The objective of these classes is to provide users a predefined structure that only needs to be completed to add their algorithms requirements. The list of AbstractCyni classes and their main functionality is:
AbstractCyniAlgorithm: It implements the CyCyniAlgorithm interface, which means that any external component will have to go through this class to use the algorithm. It also stores the main configurations parameters such as category and name.
AbstractCyniTask: It contains the implementation of the algorithm and the produce the final result.
AbstractCyniMetrics: It contains the implementation of the metric and the list of its types.
3.2. CyCyni Interfaces
Cyni interfaces intend to follow the same prefix terminology than Cytoscape 3 and classes with prefix Cy correspond to interface definitions. Methods listed in Cyni interfaces define the way that new proposed Cyni elements will interact with any other Cyni or Cytoscape element. Therefore, each one of these methods will have to be implemented when a new element for one of the two Cyni components(Algorithms and Metrics) is developed. The methods to implement will be different according to the type of the new developed element because there is one interface for each main component in Cyni. The name of these interfaces are:
This class provides several methods that will be used in Cyni to display correctly the User interface required to allow the setting of input parameters. These methods might be overridden to give a different functionality but a Cyni Context class will always need to implement them. At the same time, this class also provides some useful methods that implement useful tasks to get information about the chosen table data such as name of columns, etc.
3.4. Cyni Utils Classes
Cyni API contains some Utils classes where several of methods are grouped according to their functionality. Any developer can get an instance of classes and use any of its methods. So far, there are the following two Utils classes.

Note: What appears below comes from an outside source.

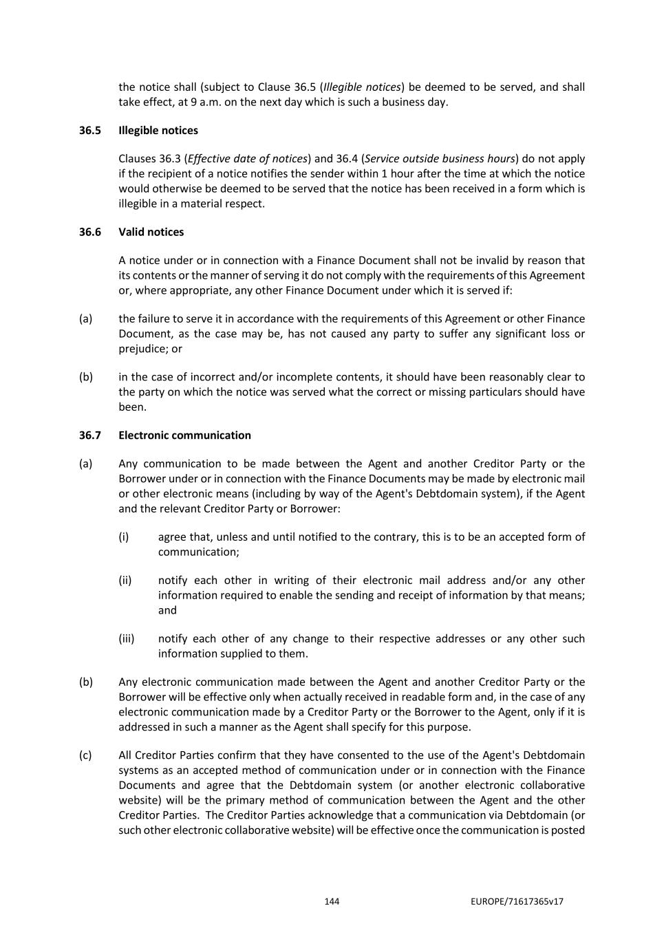 144 EUROPE/71617365v17 the notice shall (subject to Clause 36.5 (Illegible notices) be deemed to be served, and shall take effect, at 9 a.m. on the next day which is such a business day. 36.5 Illegible notices Clauses 36.3 (Effective date of notices) and 36.4 (Service outside business hours) do not apply if the recipient of a notice notifies the sender within 1 hour after the time at which the notice would otherwise be deemed to be served that the notice has been received in a form which is illegible in a material respect. 36.6 Valid notices A notice under or in connection with a Finance Document shall not be invalid by reason that its contents or the manner of serving it do not comply with the requirements of this Agreement or, where appropriate, any other Finance Document under which it is served if: (a) the failure to serve it in accordance with the requirements of this Agreement or other Finance Document, as the case may be, has not caused any party to suffer any significant loss or prejudice; or (b) in the case of incorrect and/or incomplete contents, it should have been reasonably clear to the party on which the notice was served what the correct or missing particulars should have been. 36.7 Electronic communication (a) Any communication to be made between the Agent and another Creditor Party or the Borrower under or in connection with the Finance Documents may be made by electronic mail or other electronic means (including by way of the Agent's Debtdomain system), if the Agent and the relevant Creditor Party or Borrower: (i) agree that, unless and until notified to the contrary, this is to be an accepted form of communication; (ii) notify each other in writing of their electronic mail address and/or any other information required to enable the sending and receipt of information by that means; and (iii) notify each other of any change to their respective addresses or any other such information supplied to them. (b) Any electronic communication made between the Agent and another Creditor Party or the Borrower will be effective only when actually received in readable form and, in the case of any electronic communication made by a Creditor Party or the Borrower to the Agent, only if it is addressed in such a manner as the Agent shall specify for this purpose. (c) All Creditor Parties confirm that they have consented to the use of the Agent's Debtdomain systems as an accepted method of communication under or in connection with the Finance Documents and agree that the Debtdomain system (or another electronic collaborative website) will be the primary method of communication between the Agent and the other Creditor Parties. The Creditor Parties acknowledge that a communication via Debtdomain (or such other electronic collaborative website) will be effective once the communication is posted
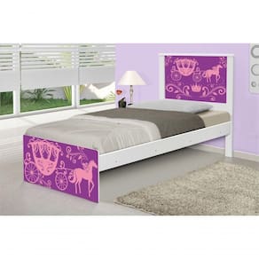 A Cama Barcelona Adesivada Carruagem Princesa é a cama que você procurava para completar seu dormitório com beleza e conforto. A Coleção Carruagem Princesa foi desenvolvida por nossos designers oferecendo um visual exclusivo, descontraído e divertido ao ambiente. Perfeita para ter ótimas noites de sono, com todo o espaço necessário para dormir bem recuperando as energias durante toda a noite. Feita em MDF e MDP e seu acabamento é feito com pintura UV brilhante tornando-a um produto resistente e com aspecto de novo por muito mais tempo. É uma excelente escolha para acomodar colchões de solteiro na medida de 88 cm de largura.

CyniNetworkUtils: The goal of methods found in this class is to help with anything related to the generation and the display of a network as well as the generation of the tables related to that network.
CyniBayesianUtils: This class provides methods that intend to help with the implementation of algorithms to infer Bayesian Networks.
The goal of this class is to define the available categories for Cyni Algorithms. All these categories are defined using a java Enum type, so they cannot be modified dynamically.
CyniMetricTags is a java enum class because its purpose is to define the default tags provided by Cyni and that will not be modifiable by users. This java enum class could be updated in future API versions to make available to all users the tags that other metrics developers are already proposing in their own apps.
3.7. Cyni Events
Cyni also provides own events to allow notifying external components that something has happened in Cyni. Currently, these events allow reporting a new algorithm added in the Cyni Toolbox and an algorithm deleted from the list of Cyni algorithms.
4. Cyni Managers
As explained in previous sections, Cyni stores and manages elements for the two main components (Algorithms and Metrics). Any external component should be able to insert new elements to these two groups. At the same time, other internal or external components might want to have access to one or several elements stored in Cyni.
Cyni framework provides two managers that fulfills these expectations. The two type of components have independent managers because of the different way to classify their internal elements. Therefore, even though, both managers provide functions to retrieve one or several elements stored, the requests to the managers require to pass different type of information to get the correct elements. The different interfaces used to communicate with each type of manager are explained below.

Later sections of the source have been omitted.